Menolak Menjadi Brosur Berjalan
Masalah lain dari kalimat yang terlalu sempurna adalah ia cenderung terdengar seperti brosur pemasaran atau instruksi manual mesin cuci. Semuanya serba terukur. Tidak ada ruang bagi humor yang getir, tidak ada tempat untuk sindiran halus, dan tidak ada celah untuk kontradiksi.
Padahal, hidup manusia itu penuh kontradiksi. Kita bisa sangat mencintai negeri ini sekaligus ingin mengumpat habis-habisan saat terjebak macet karena pengaturan jalan yang ngawur. Kalimat yang sempurna akan berusaha merapikan kontradiksi itu menjadi kalimat yang diplomatis dan membosankan. Kalimat yang “hidup” justru akan menonjolkan tabrakan-tabrakan perasaan itu.
Kalimat yang terlalu rapi sering kali justru menyembunyikan kebenaran. Ia membungkus borok dengan kain sutra. Sebagai pembaca, kita sering kali punya insting untuk mencium bau amis di balik diksi-diksi yang terlalu muluk itu. Kita merasa ada yang tidak beres ketika seseorang berbicara atau menulis dengan gaya yang terlalu “tertata”, karena kita tahu, di dunia nyata, kebenaran sering kali datang dengan wajah yang kusam dan kata-kata yang terbata-bata.
Mengembalikan “Cacat” ke Dalam Tulisan
Jadi, apakah kita boleh menulis sembarangan? Tentu tidak. Itu namanya malas. Tapi, kita harus berani mempertahankan “suara” kita sendiri, meskipun suara itu tidak sehalus algoritma.
Jangan takut untuk menggunakan kata-kata yang mungkin tidak ada di kamus besar, tapi sangat pas untuk menggambarkan suasana di kampung Anda. Jangan ragu untuk membuat kalimat yang sedikit menabrak aturan formal jika itu memang diperlukan untuk memberi penekanan emosional yang tepat.
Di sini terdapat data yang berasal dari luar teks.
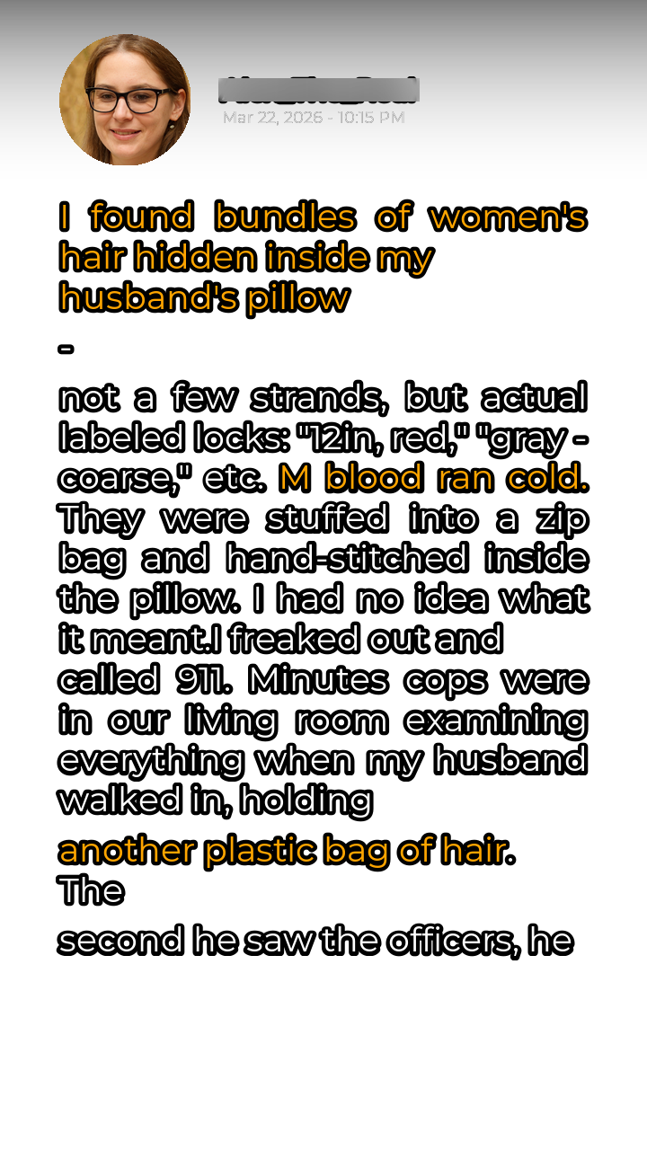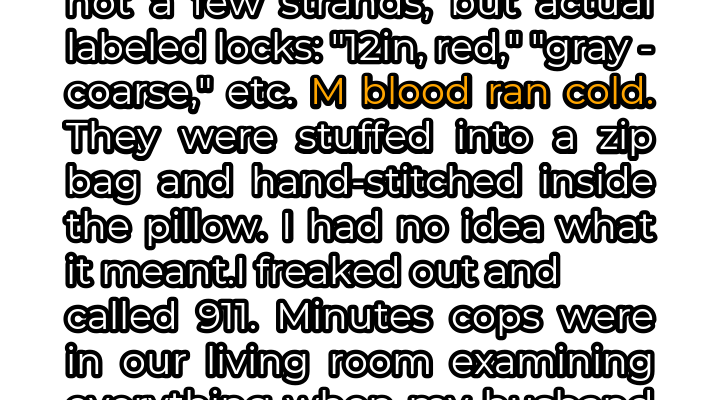 Panic seized me. My hands trembled as I fumbled for my phone and dialed 911. I couldn’t explain the situation rationally; all I knew was that I felt unsafe, violated. Within minutes, two police officers arrived at our home, their expressions a mixture of concern and professional detachment. I led them to the bedroom, my voice shaking as I explained my discovery. They examined the pillow, their faces growing increasingly grim as they pulled out the bundles of hair, carefully placing them into evidence bags.
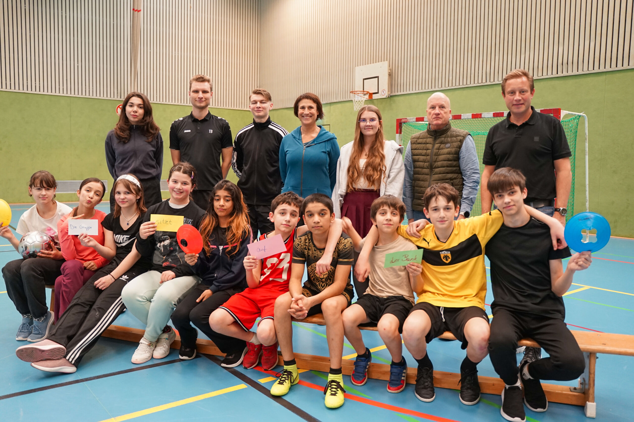Kinder und Jugendliche im Alter von zehn bis 15 Jahren lernen sportlich die deutsche Sprache. Jeden Freitag trainieren bis zu 30 Migrantinnen und Migranten in der Sporthalle der Gustav-Heinemann Realschule. Mit Spaß und Ehrgeiz folgen sie den Übungsanleitungen von Tristan Berghoff. Im Wettstreit sind nicht nur Ausdauer und Koordination gefordert, sondern auch wachsendes Sprachverständnis.
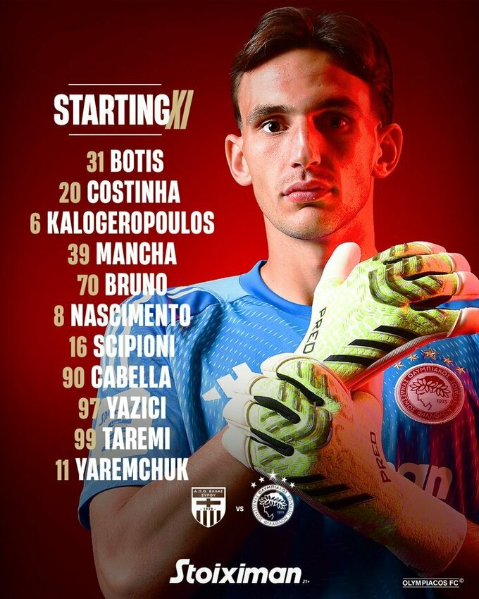 Стартовые составы на матч Олимпиакос – Эллас Сиру
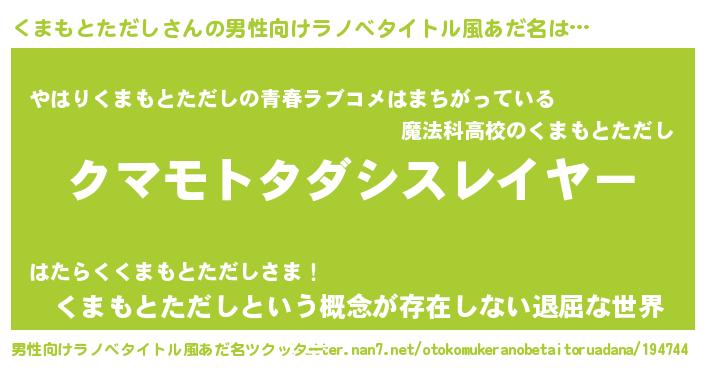| 肩書あだ名 | 『くまもとただし上級大将』 |
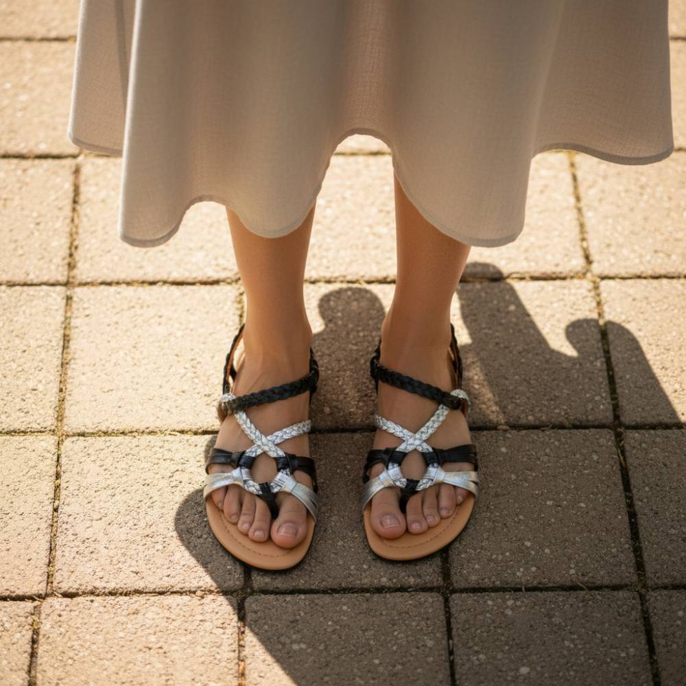 Stropperne i sort og sølv løber i usædvanlig form, undertiden flettet, undertiden knyttet. Dette udgør det feminine udseende af de barfodede sandaler. Og bedst af alt: Du behøver ikke at åbne noget for at glide ind, fordi vi har indarbejdet et elastisk bånd på bagsiden af stroppen. Det er lettere at tage på og tage en sandal af.
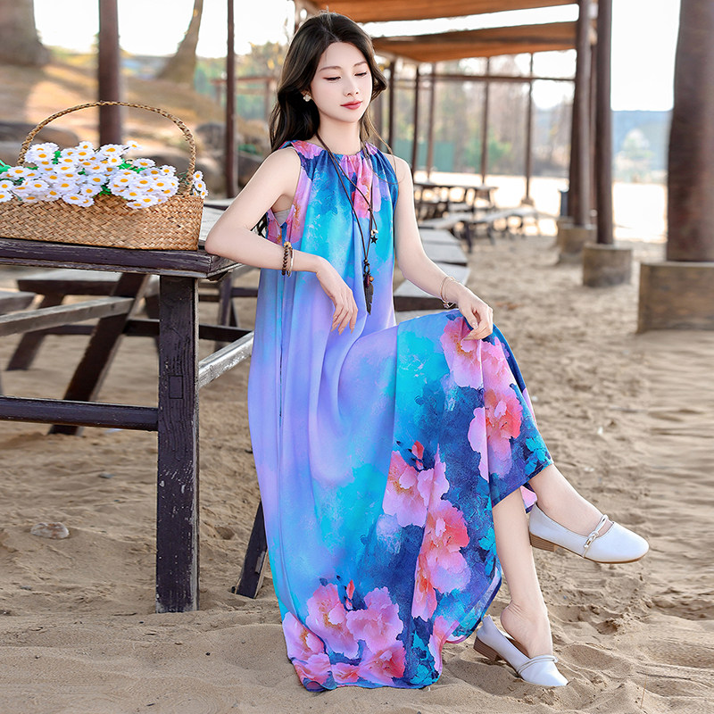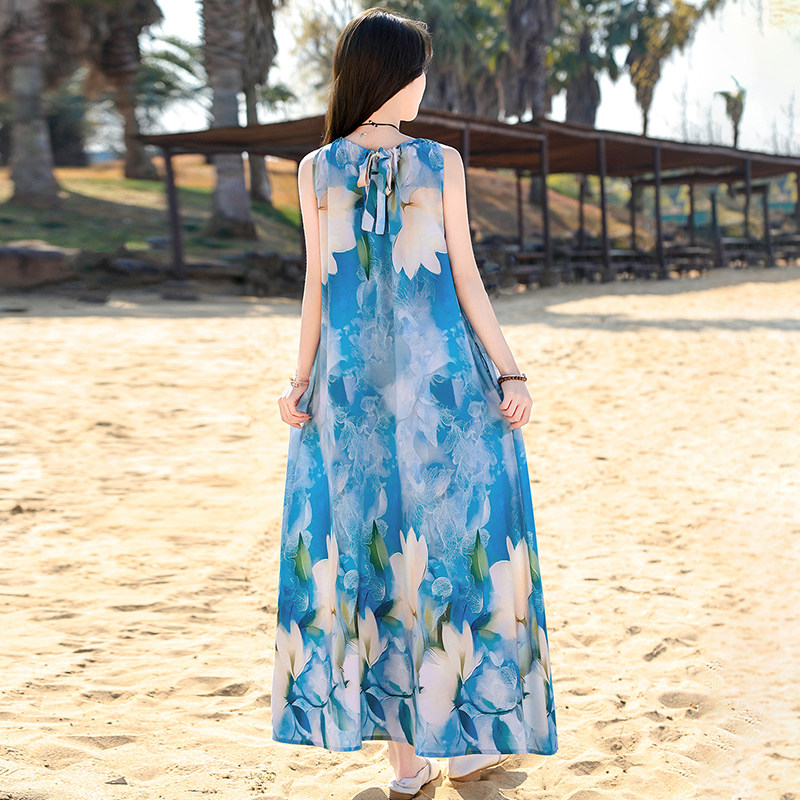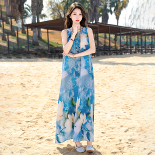波西米亚风印花棉绸连衣裙女夏无袖 气质度假风妈妈蓝色花朵裙 长款
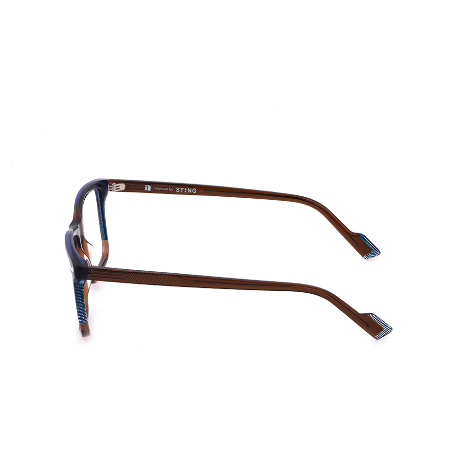 Gafas de vista de acetato con forma rectangular. Disponible en dos colores sólidos y dos colores caracterizados por unos encolados especiales en el frente. El terminal de la varilla con forma de espátula es el elemento distintivo de la colección IN Inspired by STING. Bisagra de cinco articulaciones y núcleo metálico visible.
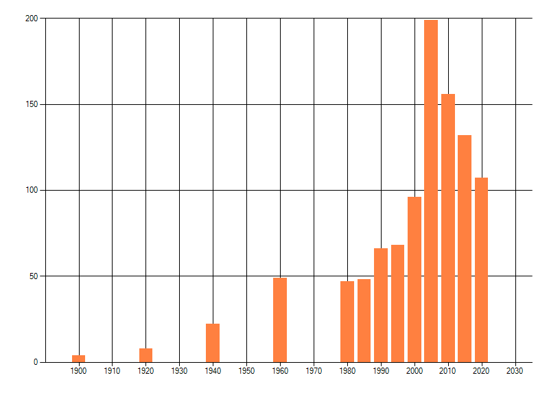 Het aantal atlasblokken (5x5 km) waarin de soort is gemeld binnen een periode van vijf jaar (vanaf 1980) of twintig jaar. Niet gecorrigeerd voor waarnemersinspanning en het aantal doorgegeven waarnemingen kan sterk variëren per periode, dus een trend in verspreiding kan hier niet direct uit worden afgelezen. Het opgegeven jaartal is het eerste jaar van de periode. Bron: gevalideerde waarnemingen uit de NDFF.
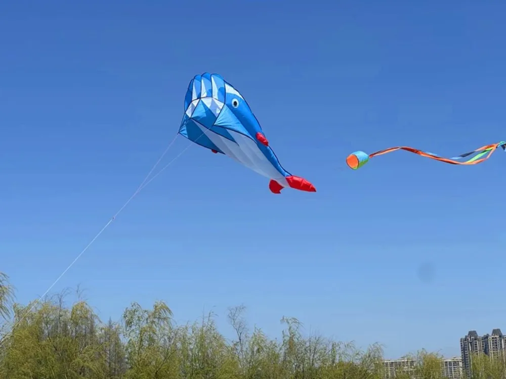 1. **Impressive Size and Design**: The New 2.2m Large Whale/Dolphin Kite features a striking and realistic design, available in either a whale or dolphin shape. Its large 2.2-meter size makes it an eye-catching spectacle in the sky, captivating both children and adults alike.
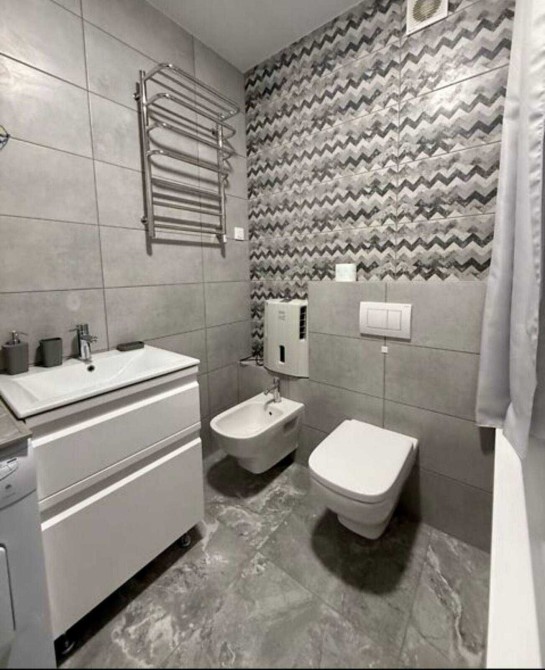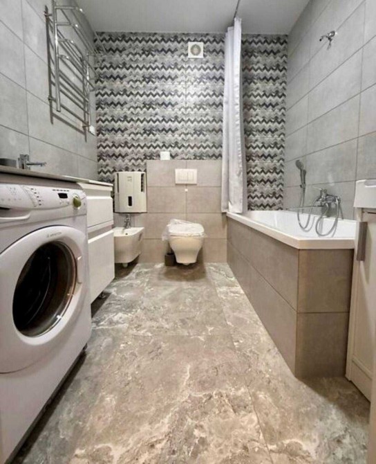Сучасна ванна кімната: ванна з душем, умивальник, біде, технічний умивальник, пральна машина;
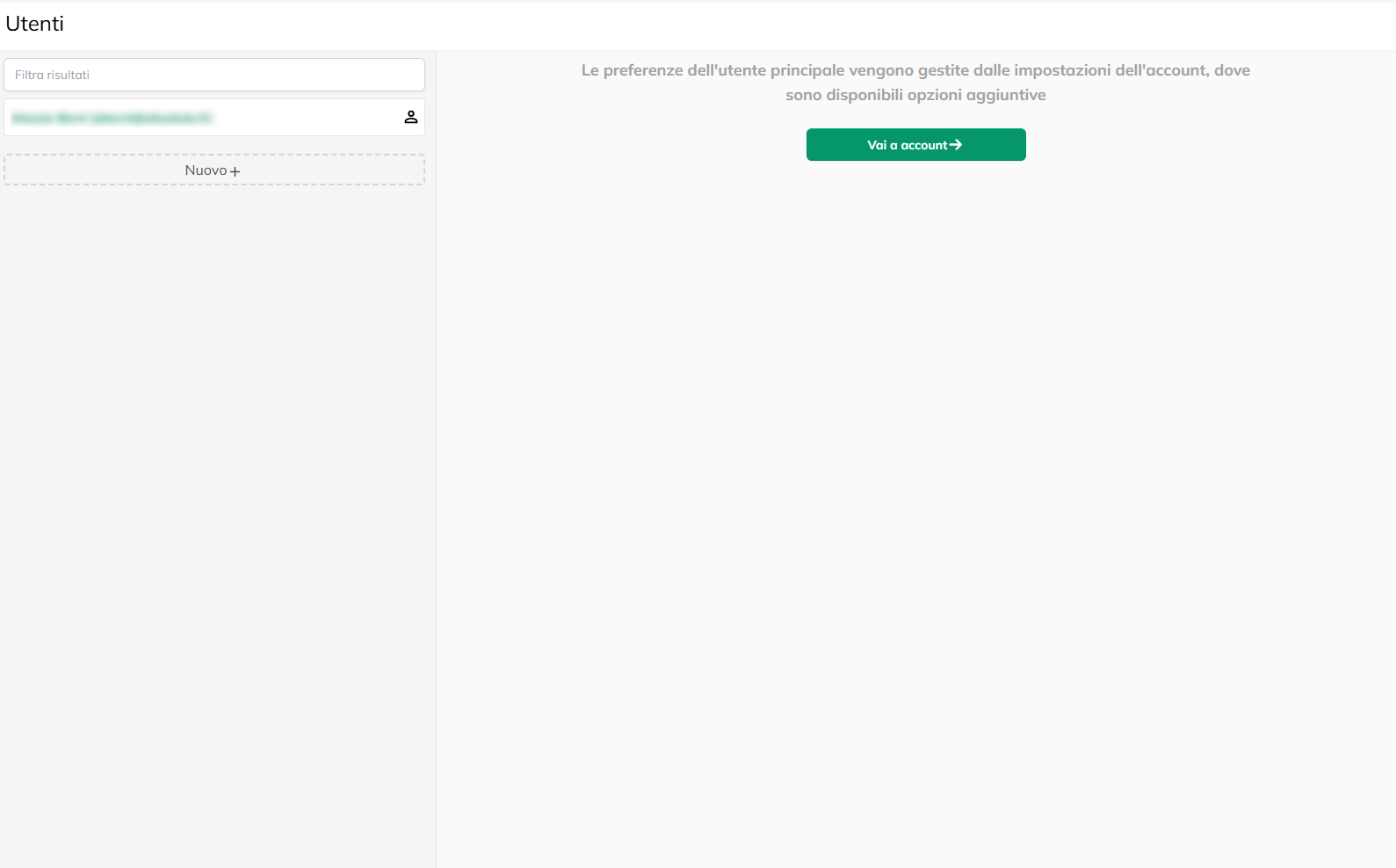 Nella parte sinistra della schermata comparirà l’elenco degli utenti esistenti (se presenti) e il pulsante Nuovo + per crearne di nuovi. N.B per creare più utenti è necessario aver sottoscritto un piano “Premium”. Potete utilizzare il campo Filtra risultati per cercare rapidamente un utente specifico per nome, cognome o email. Facendo clic su un utente già presente, potrete visualizzarne e modificarne i dettagli nella sezione di destra, denominata Dettaglio Utente. Se l’utente è l’utente principale dell’account, nella schermata comparirà un pulsante Vai a account che rimanda alle impostazioni avanzate, poiché le sue preferenze vengono gestite direttamente da lì.
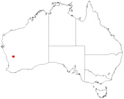 Darwinia masonii has a restricted distribution, endemic to a small area in the Mt Gibson Ranges in the Wheatbelt region of Western Australia. This species is found generally on upper hillsides and ridges above 330 m (1,100 ft) on shallow clay soils over laterite, ironstone, granite or near creeks.[2][3][4]
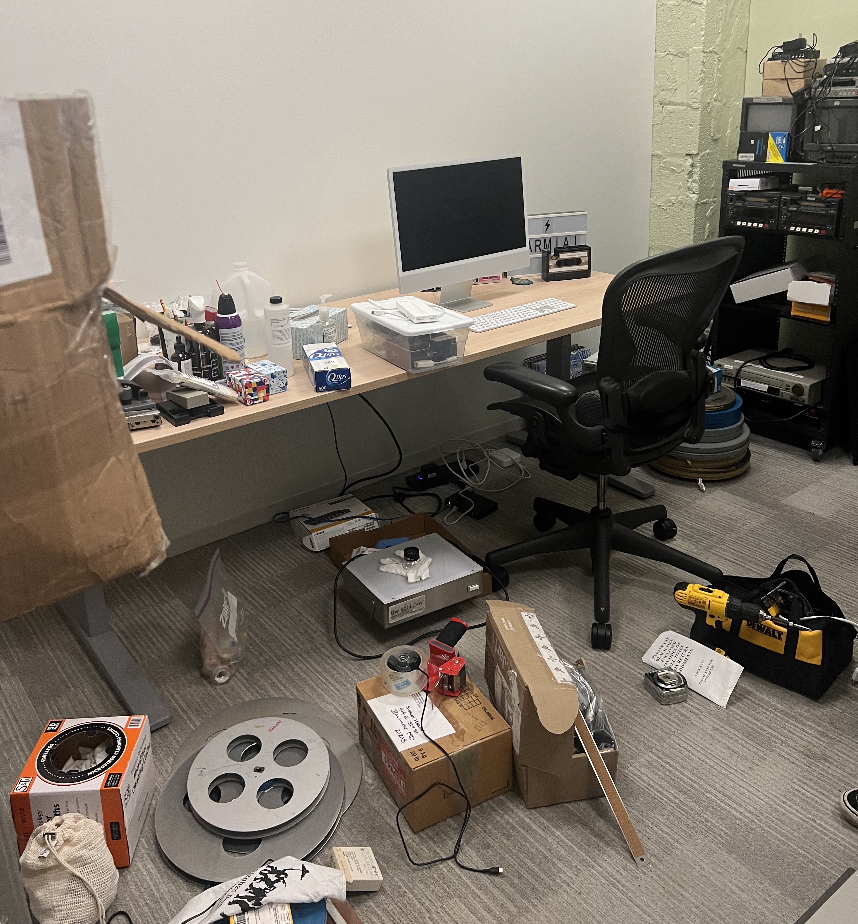 MARMIA has grown so much in the last 3 years–we had our first paid staff join us (more than one!) and now thanks to the Mellon Foundation we have the film scanner of our dreams! While we loved our previous office companions at Impact Hub Baltimore, you can see from the below photo that we were outgrowing our one small office.
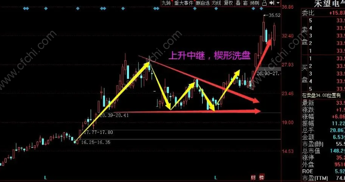 股票上涨不是一促而就的,往往是波浪上升的。通常上升趋势没有被破坏,股价滞涨时往往会把不坚定的持股者甩下车,这个时期也被大家称作“洗盘”。洗盘有多重形态,熟悉其中最常见的几种对我们的交易很有帮助,今天先给大家介绍楔形形态,如下图所示:
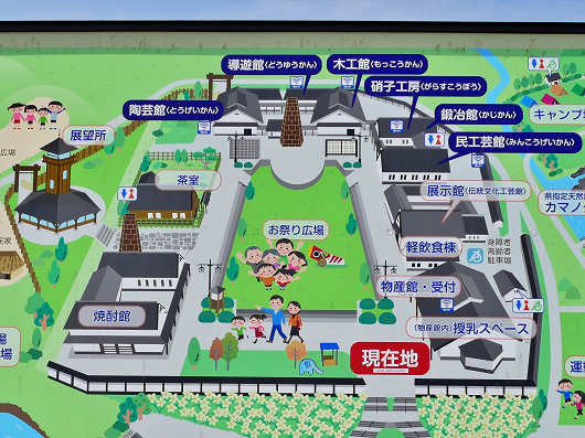 道の駅「人吉」の案内図です。これらの施設はすべて高台の上にありますが、物産館やレストラン、展望所の他に木工館やガラス工房など工芸体験ができる建物が6棟ほどありました。
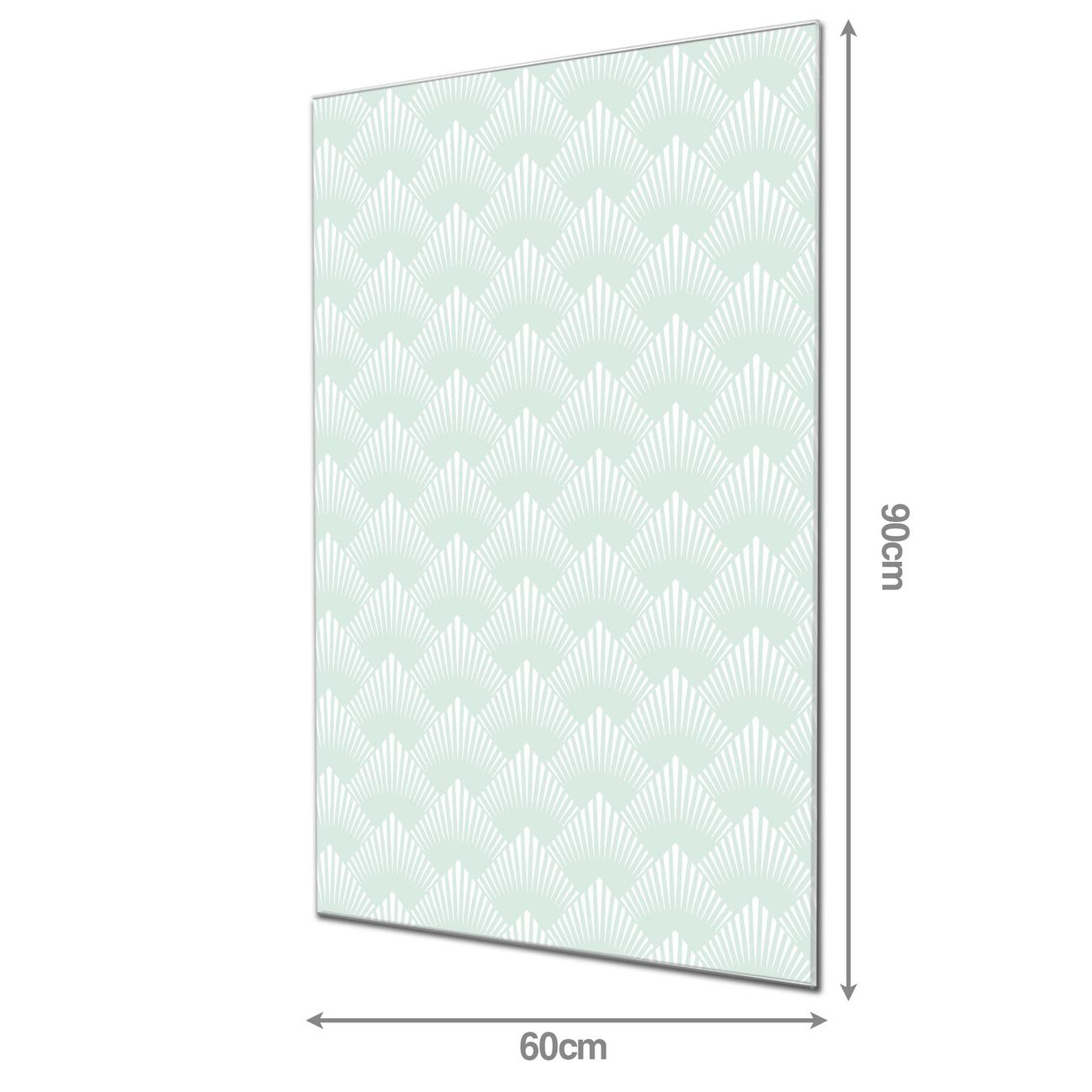 Material  4mm Sicherheitsglas mit Metallrückwand Eigenschaften  farbbrillant, kratzfest, rahmenlos Maße  60x90x0,6cm, 8,10 kg schwer Motiv  Nummer 11646 Strahlen Mint
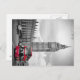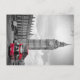 Um cartão de Big ben e um icônico ônibus vermelho duplo de dois andares em Londres, Inglaterra.

Tulisan adalah soal rasa, bukan soal skor ujian nasional.
Kalimat yang benar-benar “benar” adalah kalimat yang sampai ke hati pembaca, bukan sekadar kalimat yang tidak disalahkan oleh aplikasi penyunting bahasa. Kita butuh tulisan yang terasa seperti jabat tangan yang erat, sedikit kasar karena kapalan, tapi hangat dan nyata. Bukan jabat tangan dari tangan plastik yang lembut tapi mati rasa.
Pada akhirnya, Pembaca, mari kita lebih berani menjadi manusia dalam tulisan-tulisan kita. Biarkan kalimat kita punya detak jantung. Biarkan ia punya sedikit noda, asalkan ia jujur. Karena di tengah dunia yang semakin dipenuhi oleh kesempurnaan palsu buatan mesin, ketidaksempurnaan manusia adalah satu-satunya barang mewah yang masih tersisa.